Abstract
The Bacillus laterosporus strains 921 and 615 were shown to have toxicity for larvae of the mosquitoes Aedes aegypti, Anopheles stephensi, and Culex pipiens. The larvicidal activity of B. laterosporus was associated with spores and crystalline inclusions. Purified B. laterosporus 615 crystals were highly toxic for Aedes aegypti and Anopheles stephensi.
The toxicity of the entomopathogenic strains of Bacillus thuringiensis subsp. israelensis and Bacillus sphaericus against mosquitoes is associated with protein crystal production (2, 3, 7, 8). Entomopathogenic activity of Bacillus laterosporus, which was proposed to be moved to the genus Brevibacillus in a recent taxonomic study (10), has also been reported. The insecticidal activity of the described B. laterosporus strains, however, is 100 times less than that of B. thuringiensis. Moreover, these B. laterosporus strains do not produce crystalline inclusions (6, 9). We have demonstrated the ability of two strains of B. laterosporus, 16-92 and LAT 006, to produce crystalline inclusions (11, 12). This observation raises the possibility that crystal-forming strains of B. laterosporus may possess a high mosquitocidal activity similar to the activity of B. thuringiensis and B. sphaericus.
To examine this question, we conducted bioassays with sporulated cells of these two crystal-forming B. laterosporus strains. The first strain, B. laterosporus 16-92, was isolated from dead insects (13) and was characterized as B. laterosporus in accordance with the results of morphological and phenotypical diagnostic tests (14). The second strain, B. laterosporus LAT 006, was obtained from the IEBC Collection of the Unité des Bactéries Entomopathogènes (Institut Pasteur, Paris, France). Both strains were grown in Nickerson broth supplemented with d-glucose (1%), methionine (10 μg/ml), and thiamine (10 μg/ml) (pH 7.0) at 30°C with rotary shaking and plated on Nickerson agar. Single colonies were grown in Nickerson broth and selected according to mosquitocidal activity, sporulating capacity, and the ability to produce crystals. For both B. laterosporus strains, approximately 200 colonies were screened (data not shown). The colonies with the highest mosquitocidal activity and sporulating capacity and the ability to produce crystals were isolated from strains 16-92 and LAT 006 and designated strains 921 and 615, respectively. They were characterized as B. laterosporus in accordance with the results of morphological and phenotypical diagnostic tests (14) and used throughout this study.

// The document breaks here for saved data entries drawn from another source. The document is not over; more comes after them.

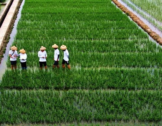 80后女博士周红英头顶烈日,穿着胶鞋、戴着草帽,时而弯腰,时而蹲下,在丰乐种业安徽肥西严店乡综合试验基地200亩试验田里,为水稻叶龄做识别记录。
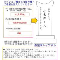 ※こちらの商品は本体前面に文字を彫刻してのお届けとなります。ご注文時に「ペットのお名前」(かな・漢字のみ)、「命日」(※令和七年一月七日など)、「享年」(亡くなった時の年齢)をオプション欄または備考欄にご記入ください。なお、縦書きのためお名前はかな・漢字のみ、年月は和暦のみ、彫刻書体は楷書体のみとなります。
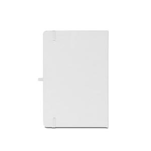Descrição: Caderno A5 de capa dura, ideal para personalização em sublimação. O caderno em poliéster 100% reciclado (rPET) 300D tem 160 páginas pautadas em papel 100% reciclado cor de marfim, uma fita separadora, um suporte para esferográfica (não inclusa) e um elástico para fecho do bloco. 143 x 211 mm
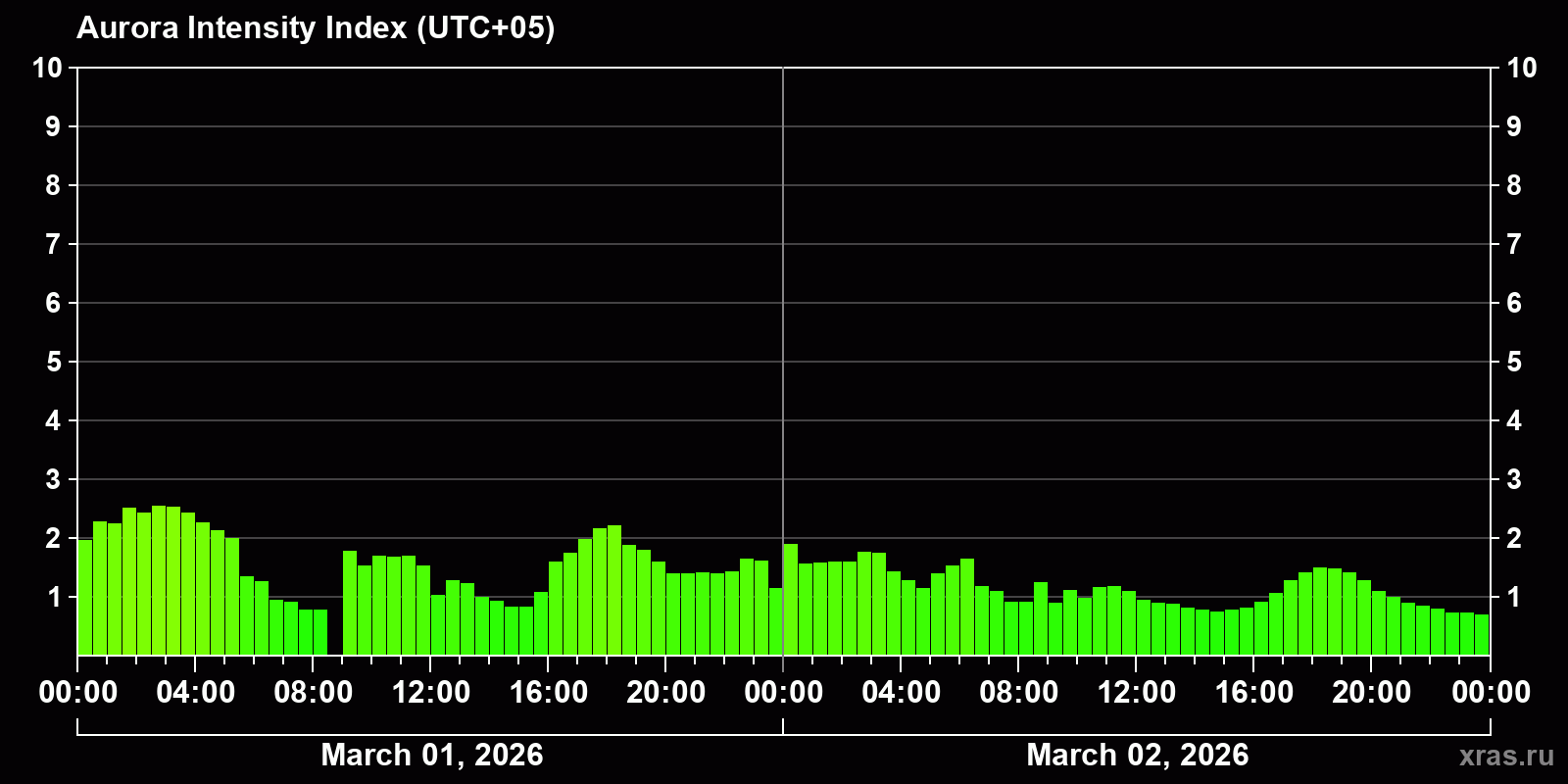 Changes in the auroral intensity index from 2026-03-01 to 2026-03-02 local time
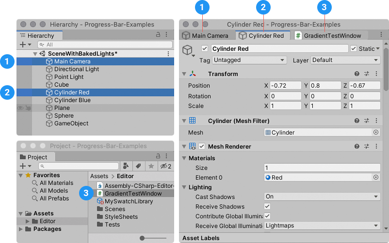 See in Glossary is a dedicated Inspector window for a specific GameObjectThe fundamental object in Unity scenes, which can represent characters, props, scenery, cameras, waypoints, and more. A GameObject’s functionality is defined by the Components attached to it. More info
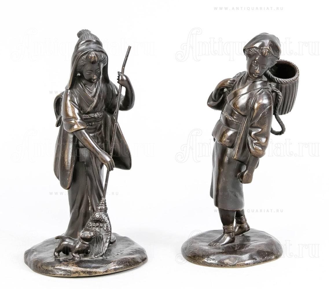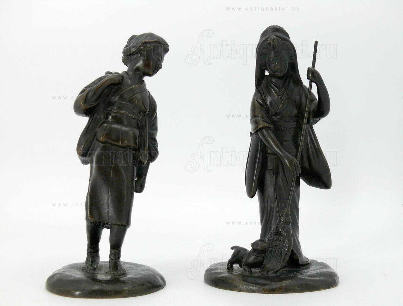 В паре настольных скульптурах с характерной японской тонкостью передана грация и динамика японских девушек выполняющих различные работы в быту - одна подметает пол, рядом сидит котенок, вторая несет корзину с поклажей.
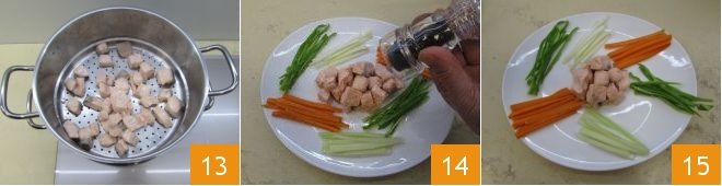 Indeed, just a few minutes will be enough for it to be cooked and pink 13. Serve it on serving plates accompanied by the sliced vegetables, seasoned with pepper to taste 14, and your green tea salmon bites with vegetables will be ready to be enjoyed 15.

The mosquitocidal activities of sporulated cells from B. laterosporus 921 or 615 for the second-instar larvae of Anopheles stephensi (Liston), Aedes aegypti (L.), and Culex pipiens (L.) were determined. All tests were carried out at 26°C. For the growth of the test larvae, two meatballs of cat biscuits were placed in glass cups with dechlorinated tap water. Twenty-five early L2 larvae of mosquitoes were incubated in 100-ml glass cups containing 50 ml of the appropriate dilution of sporulated cells of B. laterosporus 921 or 615. Six concentrations of tested samples with serial twofold dilutions were used. Two or four cups of each concentration of the test samples and of the control sample, which contained 50 ml of deionized water only, were used. Larva mortality was determined after 48 h. Each bioassay was performed four or five times with larvae from different batches. The 50% lethal concentrations (LC50s) were determined by probit analysis.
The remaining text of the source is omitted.